Automating the food and drink industry

How robotics and automation are paving the way for the future

According to a market research report by Association for Packaging and Processing Technologies entitled Trends in Food Processing Operations, half of the companies surveyed will be increasing their level of automation over the next three to five years. Despite this, many manufacturers admit they don’t know where to start. Here, Nigel Smith, CEO of industrial robot specialist, TM Robotics, explores how automation can benefit your facility.

Many industries have already made the jump to automated processes. However, it’s only been in recent years that the food and beverage industry has begun to truly explore what automation and robotic technology has to offer.

“The food and beverage sector in general is well-known for having some of the most severe manufacturing and control regulations in industry,” said Jonathan Wilkins, marketing director at industrial parts supplier, EU Automation. “This is part of the reason why UK manufacturers have been relatively slow in the uptake in automation.
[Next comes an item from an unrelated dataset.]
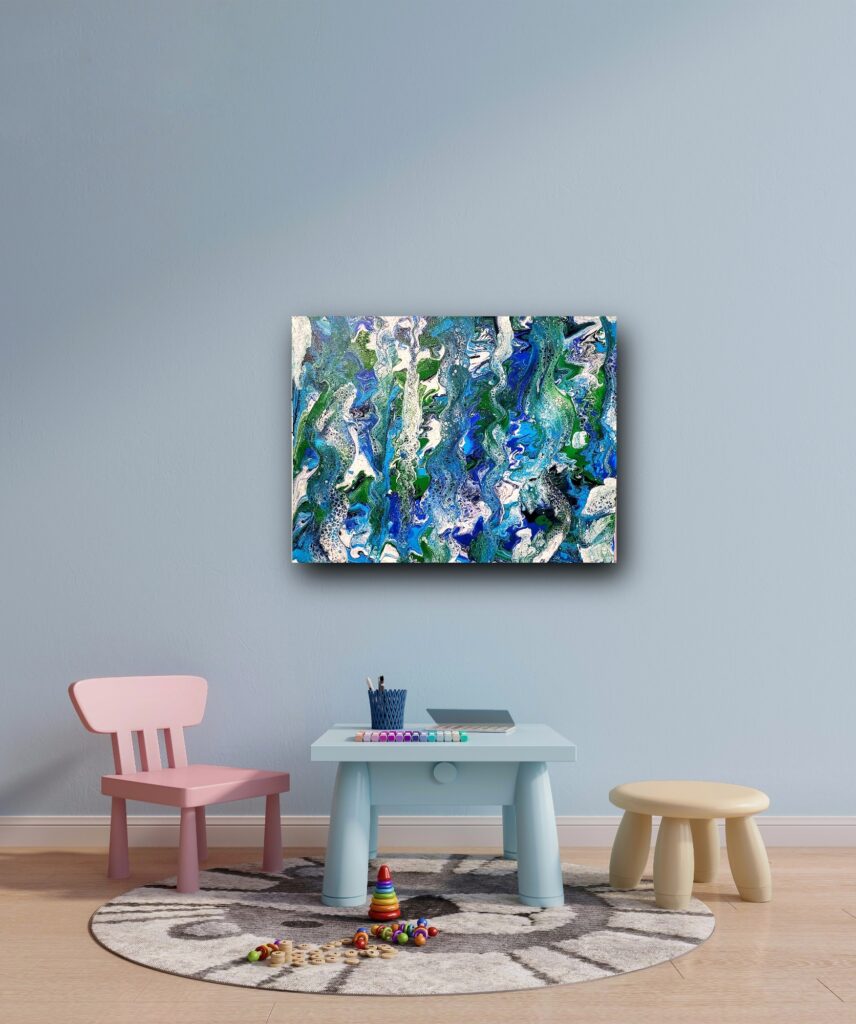 Obraz przedstawia abstrakcyjną kompozycję w odcieniach zieleni, błękitu i bieli, przypominającą wirujące, organiczne kształty. Kompozycja tworzy wrażenie płynności i ruchu, z efektem bąbelkowania i mieszania się kolorów. Struktura obrazu jest bogata w detale i tekstury, co nadaje mu trójwymiarowy wygląd.

However, this guarded attitude is slowly starting to change.”

Alongside a willingness to adapt, many manufacturers have experienced an increase in the cost of raw material and energy, as well as pressure from retailers for cheaper, faster production. As a result, installing automation equipment is now considered to be the only way forward, but the return on investment (ROI) must be noticeably worthwhile.

Assessing your needs

When selecting the type of machine to introduce to your facility, considering the actual needs of your facility and processes will result in a more cost effective and appropriate machine being installed, boosting your potential ROI.
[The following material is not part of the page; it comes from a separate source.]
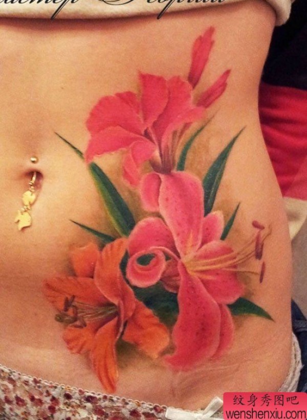 美女腹部唯美漂亮的彩色百合花纹身图案
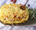 炒饭这么炒,好吃不油腻!你一般会在什么时候做炒饭? 一个人不愿炒菜嫌麻烦的时候,或者不太想出门的时候吧。可是炒饭通常都很油腻,这样容易长胖也给吃货带来了淡淡有忧伤......别怕,味游君今天请来了张师傅帮忙解决这个难题。 喏,就是这不油腻高颜值的菠萝炒饭。外面买高价,不如自己做划算!而且美美的颜值看着心情都很好。 并不复杂,只需要一点洋葱、胡萝卜、玉米、香蕉就行。喜欢重口味的,可以加点辣椒酱或者麻辣酱之类的,废话不多说,只需2步的炒饭Go! 主料:米饭 配料:菠萝、胡萝卜、玉米、洋葱、香蕉、鸡蛋 调料:盐 步骤: 一、切菠萝掏空做容器 将新鲜菠萝、香蕉、胡萝卜、玉米、洋葱备好 将新鲜菠萝洗净后,横着切除三分之一 用小刀将其肉挖出掏空,保留菠萝肉,壳做容器 注:表皮最好切平整,这样盛饭比较容易,外观也好看 将洋葱、胡萝卜洗净切丁 二、炒料加蛋调味入菠萝 锅里入油,油温6成熟时,加入切好的洋葱、胡萝卜、玉米、香蕉 大火爆炒约30秒左右,加入米饭 注:爆炒的时间不宜过长,否则会丢失原本的香嫩 小贴士:根据个人喜欢,加一个或两个蛋都可 均匀翻炒后,加入鸡蛋,炒出蛋花 加入盐在均匀翻炒即可出锅,把炒好的饭和新鲜的菠萝丁装入菠萝内即可 注:香米应蒸得稍干一些,这样制成的炒饭才好吃

Imagine, for instance, that you are producing a ready-to-cook roast dinner meal. This product requires multiple elements to come together in one aluminium tray, be visually appealing to customers and be consistent in weight and appearance. In a facility making this product, machinery needs to pick up and move a wide range of products, from small carrot batons and broccoli florets to potatoes and meat portions.
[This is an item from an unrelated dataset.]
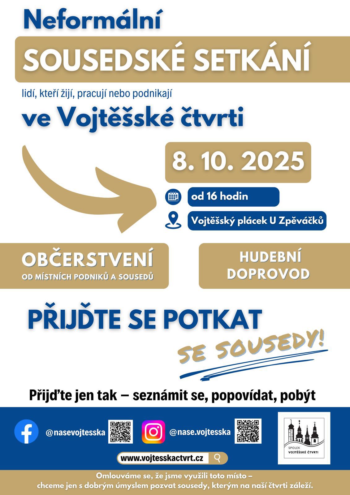 I tentokrát vás čeká živá hudba, malé občerstvení od místních podniků a přátelská atmosféra. Nově navíc sousedskou tombolu – a stejně jako minule budeme moc rádi, když se zapojíte i vy: přineste něco malého na ochutnání, co sami doma upečete nebo připravíte. Každý koláč, pomazánka nebo napečený plech něčeho dobrého přispívá k tomu, aby bylo naše setkání opravdu společné.

Using a machine that can be programmed to pick, move and place items means that you are less likely to have to discard damaged products, helping to reduce unnecessary expenditure. Selective Compliant Articulated Robot Arm (SCARA) machines, like those from TM Robotics, use a parallel-axis joint layout. This means the robot arms can move on an X-Y axis but is rigid in the Z direction, which is ideal for picking and placing.

Personalisation is key

Aside from selecting the right machine and software, exploring the ancillary options for your chosen machine is vital to maximising ROI. While human workers can look at a series of ingredients and establish the best way to pick up items based on their shape, position and material, fully automating these actions haven’t been possible until recently.

Incorporating 3D vision systems will enable the examination of products as well as allowing the machine to determine the order in which they are picked up and assess the best position to place them in the primary packaging. Going beyond human capabilities, this type of software can also view and ascertain whether product labels are fixed correctly, include the right product information and help you meet industry regulations in the blink of an eye.

To go a step further, even if you have the right software in place to automate this pick and place action, without the right gripper, your processing line can still damage your profit margins. Using grippers that move or pick up delicate items, like the roast dinner carrot batons, with too much force can result in high volumes of wasted product. In this case, opting for a machine that is capable of adapting the force used to lift a product based on the data being processed by sensors and software will result in reduced waste and a perfect end product.

As revealed in the 2017 Food and Drink Industry Economic contribution and growth opportunities report, 73 per cent of food and drink manufacturers are engaged in automating manufacturing processes, while 46 per cent are engaged in warehouse and logistics automation.

With significant developments transforming how facilities function and a clear focus on revolutionising the industry, its important to not assume that all robots are made the same and that those with fancy features and a hefty price tag will leave you with a problem-free facility. Sometimes, taking the time to assess exactly what you are looking to achieve from the investment can guide you to a simpler and cheaper solution.